The U.S. postal system did not expect email to disrupt its business as radically as it has. Similarly, I am optimistic that new technologies will take hold among nonconsumers, and eventually even the mainstream will be hard pressed to ignore their success. I will not be surprised if online learning becomes so good and so inexpensive that community leaders will rent lovely spaces, hire caring adults, organize some athletics, and snap the online curriculum into these brick and mortar environments, allowing for the flooding of the landscape with revolutionarily affordable private schools.
Yes, the gloomy statistics about school failure abound and a perma-state of crisis seems unending. But amidst it all, disruptive technologies are starting to burst forth across the system with a momentum that might be unstoppable.
Similarly, Paul E. Peterson writes ('Let’s Teach Math to the Talented Online'):
Let’s create outstanding courses online, led by the country’s best algebra, geometry, trigonometry, and calculus teachers, and backed up by sophisticated ancillary material. Schools could then access these materials and redeploy their (less qualified) teachers as classroom coaches that support the online instruction. Each student can learn at the level and pace appropriate to their situation.

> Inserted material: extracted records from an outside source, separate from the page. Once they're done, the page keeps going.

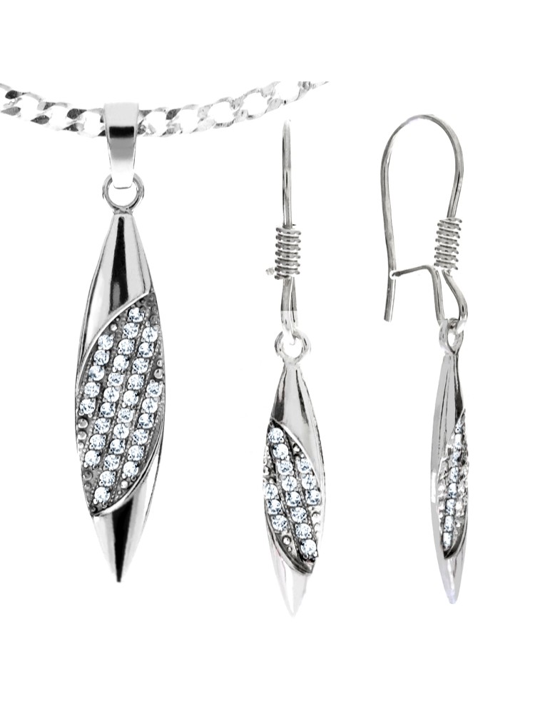 Elegancki komplet biżuterii wykonany ze srebra próby 925, składający się z wisiorka i kolczyków. Smukły, podłużny kształt elementów subtelnie wydłuża szyję i rozświetla twarz. Każdy element zdobiony jest lśniącymi, białymi cyrkoniami, które pięknie odbijają światło, tworząc efekt luksusu i delikatnej elegancji. Biżuteria idealna zarówno do codziennych stylizacji, jak i na wyjątkowe okazje.
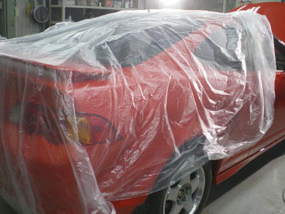 ◆CX (全塗装)単体部品の塗装準備をしています、バンパー等修正しています
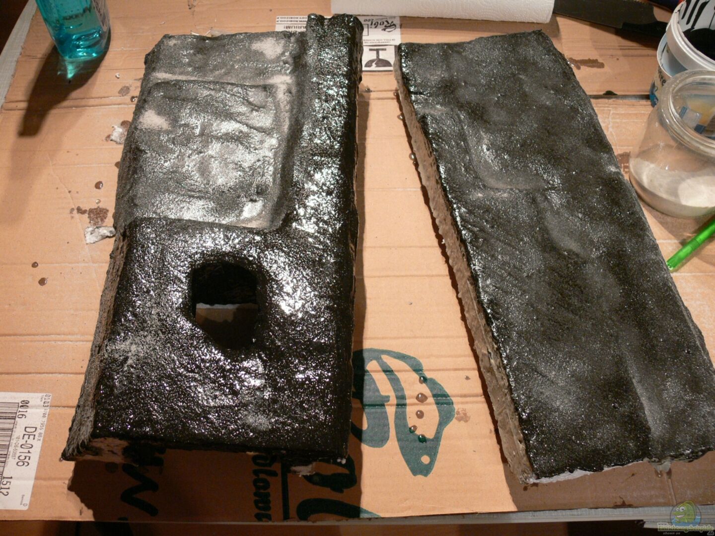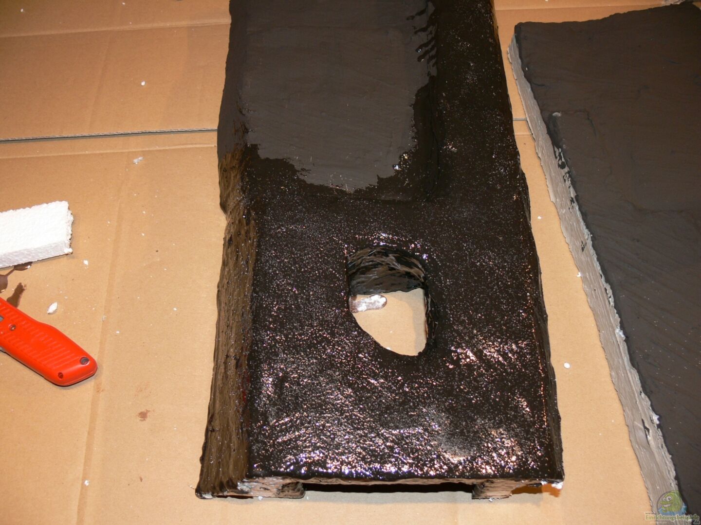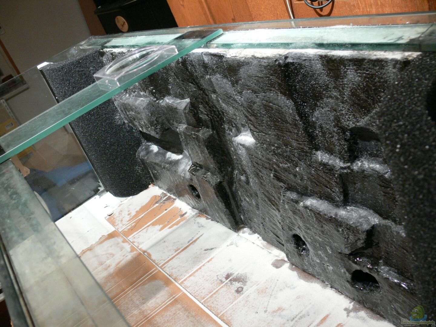Rückwand: aus 10 cm Styropor in zwei Teilen geschnitte, ausgearbeitet und Geföhnt. Nächste Woche wird mit Portlandzement (gute anfangstrocknung) ausgearbeitet. Ich wei?? noch nicht, ob im Aquarium oder auf den Tisch mit den Zement Arbeiten soll. Ich hoffe das bald auch Epoxidharz Aquarium E45TM zum versiegeln bald kommt.

Trying to improve the desperate situation school by school by encouraging talented mathematicians to go into the teaching profession will take too long and cost too much.
Bill Gates said the best college courses will be offered online within 5 years. If that is so, then there is no reason the best middle school and high school math courses cannot also be offered online. I hope Joel Klein -- or one of his competitors -- finds a way to get this done.